Problem to solve =>
In the entries below, find the line with "De badkamer is" and the line with "Elegant wrap top". Repeat exactly everything between them, those two lines included, but not the pictures.

Records for the exercise =>
○ ○ ○ ○ ○ ○ ○
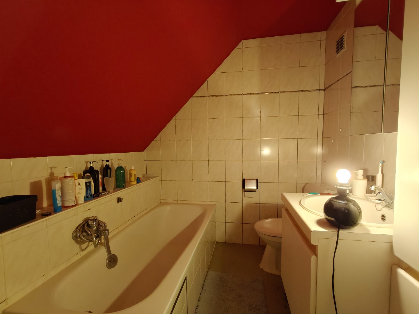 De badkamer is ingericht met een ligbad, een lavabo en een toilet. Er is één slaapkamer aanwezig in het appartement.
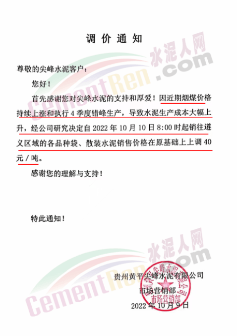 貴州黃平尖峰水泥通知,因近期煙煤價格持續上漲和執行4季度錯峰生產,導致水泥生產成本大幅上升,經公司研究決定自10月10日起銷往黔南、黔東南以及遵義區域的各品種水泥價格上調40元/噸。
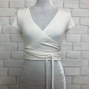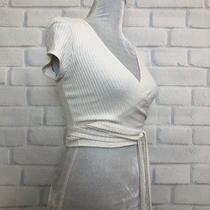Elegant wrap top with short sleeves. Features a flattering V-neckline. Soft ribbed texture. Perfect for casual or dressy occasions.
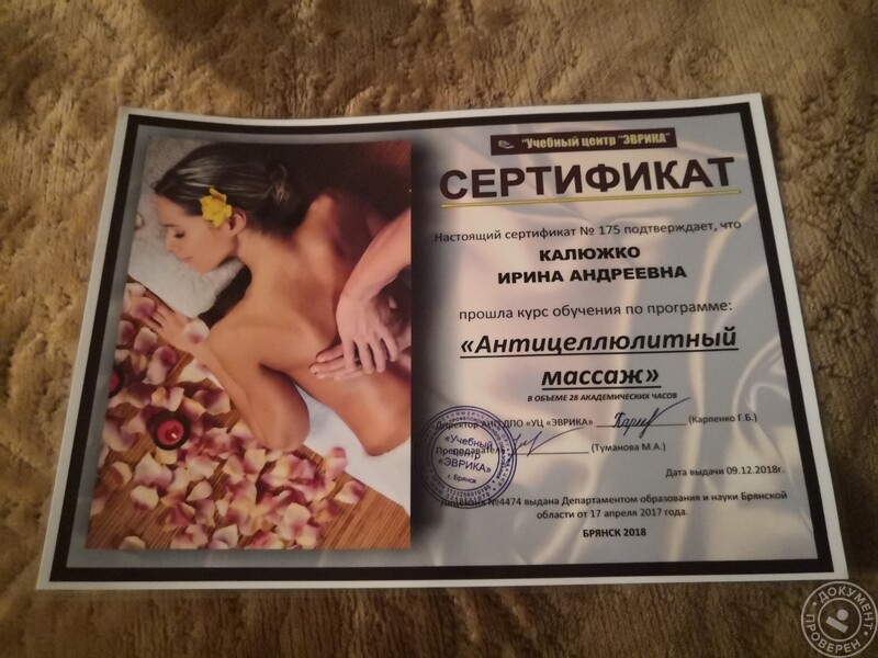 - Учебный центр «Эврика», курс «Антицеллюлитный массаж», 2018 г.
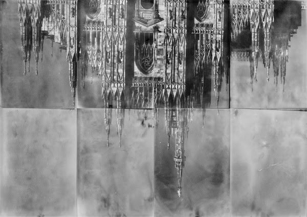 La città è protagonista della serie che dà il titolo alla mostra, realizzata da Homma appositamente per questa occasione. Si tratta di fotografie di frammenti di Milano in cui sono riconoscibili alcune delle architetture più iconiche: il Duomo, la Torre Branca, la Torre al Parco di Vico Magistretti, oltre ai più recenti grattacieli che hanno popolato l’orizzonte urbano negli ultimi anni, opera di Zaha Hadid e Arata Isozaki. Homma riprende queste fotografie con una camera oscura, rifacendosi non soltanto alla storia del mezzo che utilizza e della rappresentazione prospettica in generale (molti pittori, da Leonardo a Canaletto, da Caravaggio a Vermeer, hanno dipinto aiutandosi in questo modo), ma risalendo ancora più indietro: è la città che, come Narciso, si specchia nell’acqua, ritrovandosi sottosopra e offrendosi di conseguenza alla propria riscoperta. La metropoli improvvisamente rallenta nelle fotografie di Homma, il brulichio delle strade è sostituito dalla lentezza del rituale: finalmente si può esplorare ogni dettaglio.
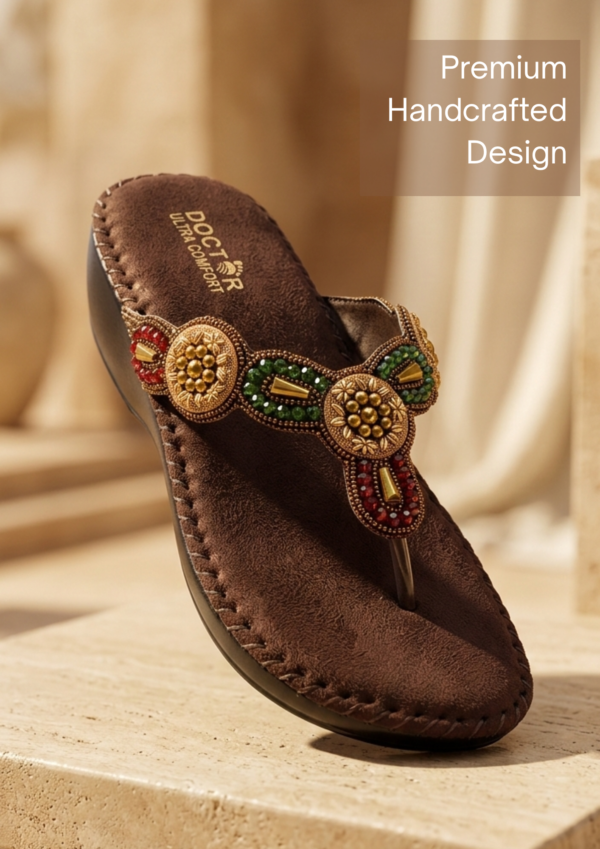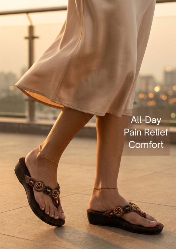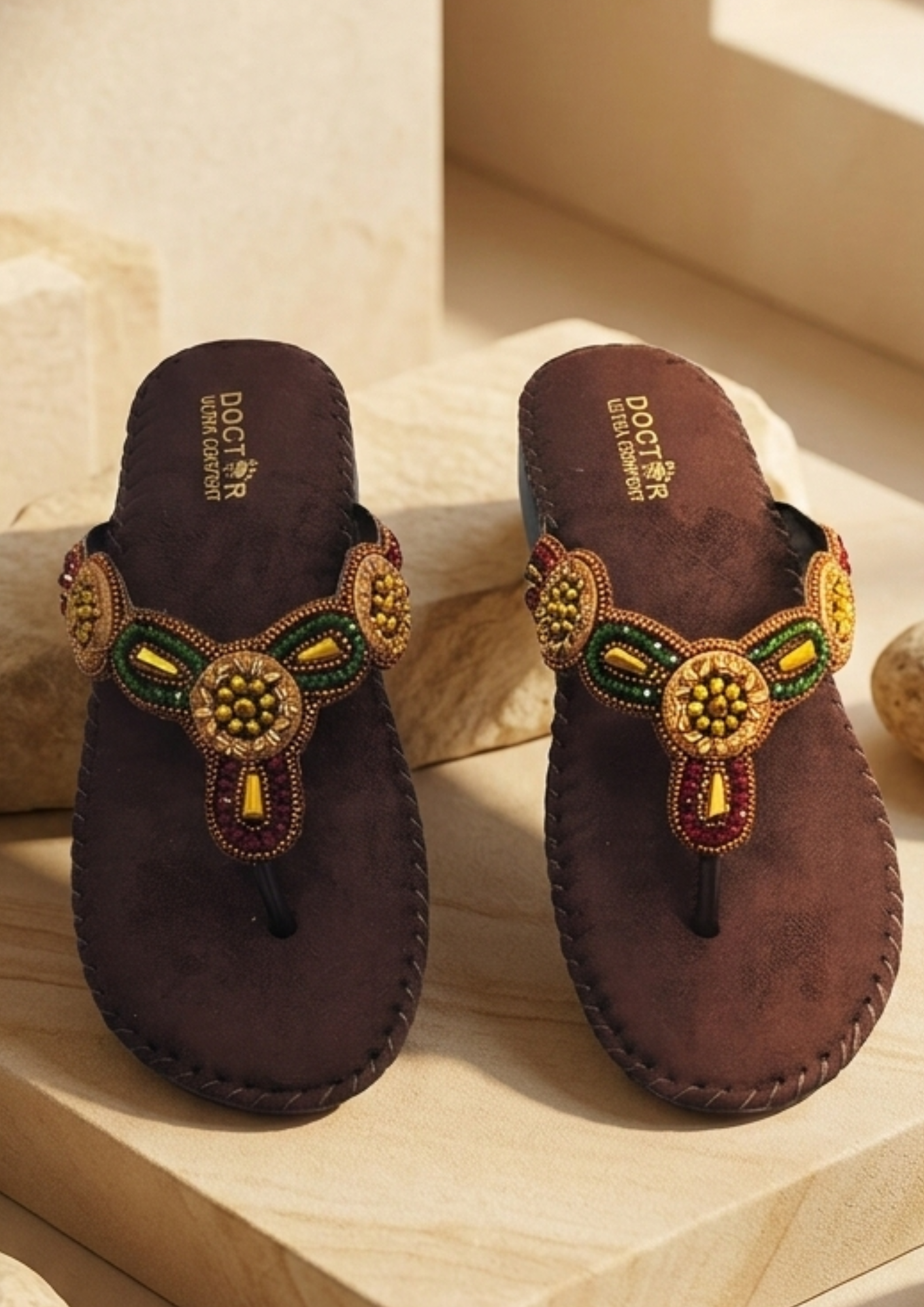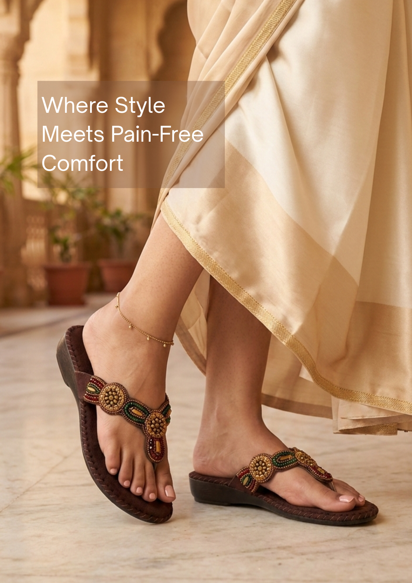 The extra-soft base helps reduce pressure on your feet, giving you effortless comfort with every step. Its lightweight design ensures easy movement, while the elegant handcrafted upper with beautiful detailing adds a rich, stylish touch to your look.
○ ○ ○ ○ ○ ○ ○
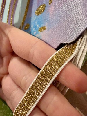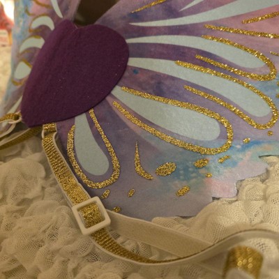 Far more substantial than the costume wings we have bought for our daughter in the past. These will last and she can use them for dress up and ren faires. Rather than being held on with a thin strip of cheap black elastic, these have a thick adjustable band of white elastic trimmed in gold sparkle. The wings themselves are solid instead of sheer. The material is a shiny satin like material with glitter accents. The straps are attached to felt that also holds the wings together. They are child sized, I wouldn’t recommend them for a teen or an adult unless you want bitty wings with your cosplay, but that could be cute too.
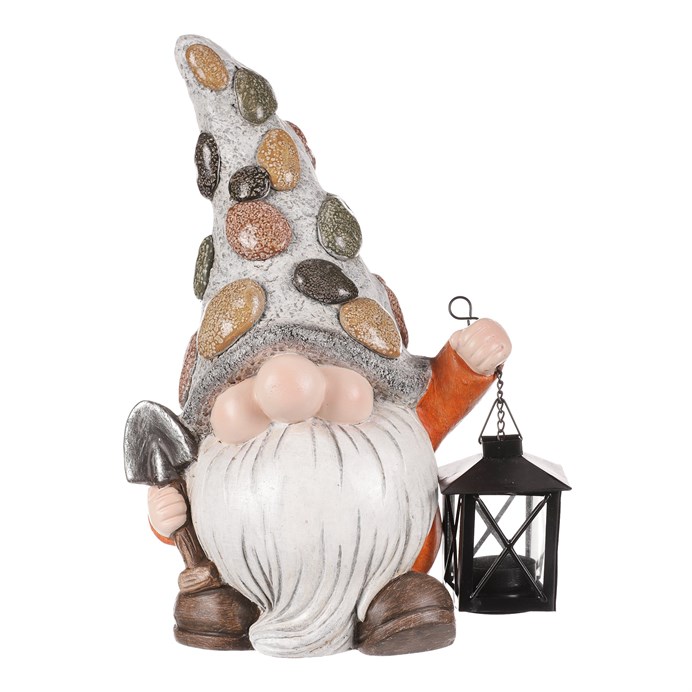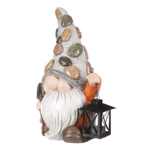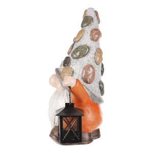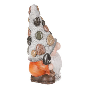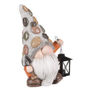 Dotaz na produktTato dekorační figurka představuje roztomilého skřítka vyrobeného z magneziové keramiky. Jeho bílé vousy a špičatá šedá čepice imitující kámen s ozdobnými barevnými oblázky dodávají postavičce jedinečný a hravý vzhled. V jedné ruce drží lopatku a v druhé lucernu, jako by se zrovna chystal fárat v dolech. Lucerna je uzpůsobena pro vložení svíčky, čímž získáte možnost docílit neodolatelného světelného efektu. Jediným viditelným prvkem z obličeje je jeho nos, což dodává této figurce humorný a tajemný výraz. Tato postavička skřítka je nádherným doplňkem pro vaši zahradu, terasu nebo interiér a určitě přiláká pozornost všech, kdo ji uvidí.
○ ○ ○ ○ ○ ○ ○
Exercise result =>
 De badkamer is ingericht met een ligbad, een lavabo en een toilet. Er is één slaapkamer aanwezig in het appartement.
 貴州黃平尖峰水泥通知,因近期煙煤價格持續上漲和執行4季度錯峰生產,導致水泥生產成本大幅上升,經公司研究決定自10月10日起銷往黔南、黔東南以及遵義區域的各品種水泥價格上調40元/噸。
Elegant wrap top with short sleeves. Features a flattering V-neckline. Soft ribbed texture. Perfect for casual or dressy occasions.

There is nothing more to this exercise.